When I began my thought experiment, the presence of maize seemed very unlikely in view of the known dynamics of rainforest soils. Yet I needed a plant that produced packable waste that could be handled without steel tools. Wood was both high cost in human energy inputs and very resistant to charring and crushing. Most other crops simply failed to produce both a crop and much biomass. No primitive farmer was going to plant a stand-alone char feedstock and lose a season.

This is where corn or maize came in. It produced a stable easy to store high volume crop that also produced perhaps ten tons per acre of corn stover. This stover was also very packable because there are no branches. What made it more attractive was the root ball which is in the form of a disc and is often very easy to pull out of the soil. Thus a field could be stripped of its ripe corn and then stripped easily of its stover.

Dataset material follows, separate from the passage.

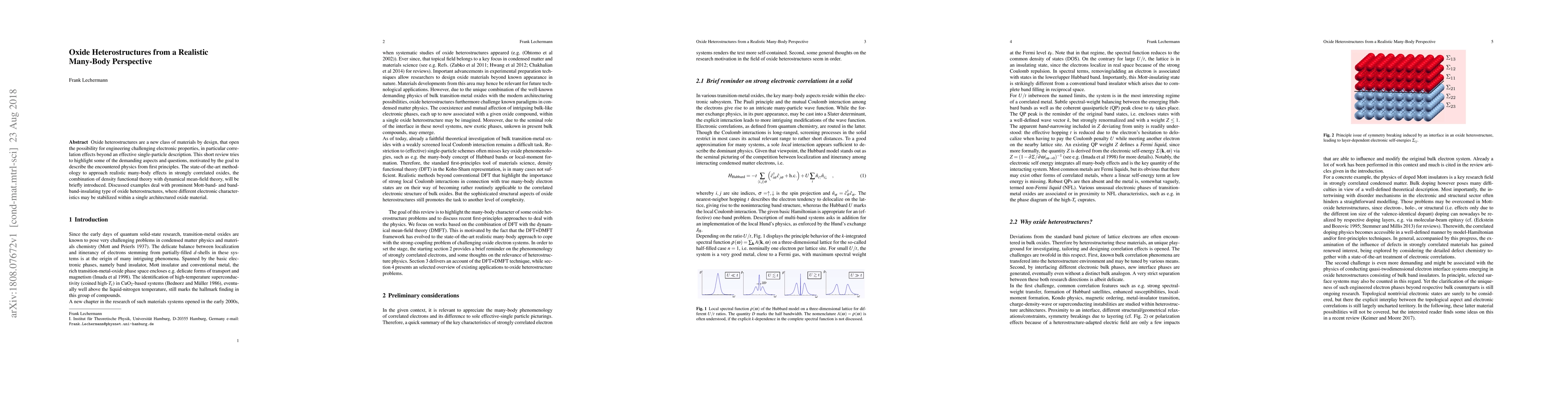 This paper reviews oxide heterostructures' potential for engineering electronic properties, emphasizing correlation effects beyond single-particle descriptions. It introduces the combined density functional theory and dynamical mean-field theory for realistic many-body effects, focusing on Mott-band and band-band insulating oxide heterostructures.

Stacking the stalks was easily accomplished and using the root balls to form an outer wall simply a matter of paying attention. The key idea was to provide an outer shell of mud that closed off the packed stover. Now they did not have a sheet of metal foil to add another heat resistant air tight layer, so it is likely that they slathered on a thin layer of river clay to form a air tight seal. Again field experiments will inform us as to the extent that this is all necessary.

At the end of the day, without any tools, we have a thin clay dome or a mud dome enclosing ten tons of packed stover.

This is then loaded with a charge of burning coals. I have considered top down but suspect that simply feeding a charge in through the bottom perhaps along a narrow trench will be good enough. A small amount of air will be drawn to the charge maintaining the heat production and the produced heat will steadily reduce the maize very quickly. Gasses will be captured and ignite as the burn progresses steadily reducing the load.

Eventually the whole load will collapse upon which it will be smothered with more dirt.

I had originally envisaged this process taking many hours, however corn stover is like paper and merely needs to be heated for it to curl up and quickly decompose.

Ten tons or one acres production would give us three tons of biochar which is ample for that one acre, particularly if one goes the extra step of creating seed hills on only a third of the surface. In one season, you are in business. The one remaining mystery is why this method failed to make it out of the Amazon, because it would have nicely augmented the three sisters throughout the Americas. Or perhaps it did and we simply never noticed or our steel got there first and disease got there first.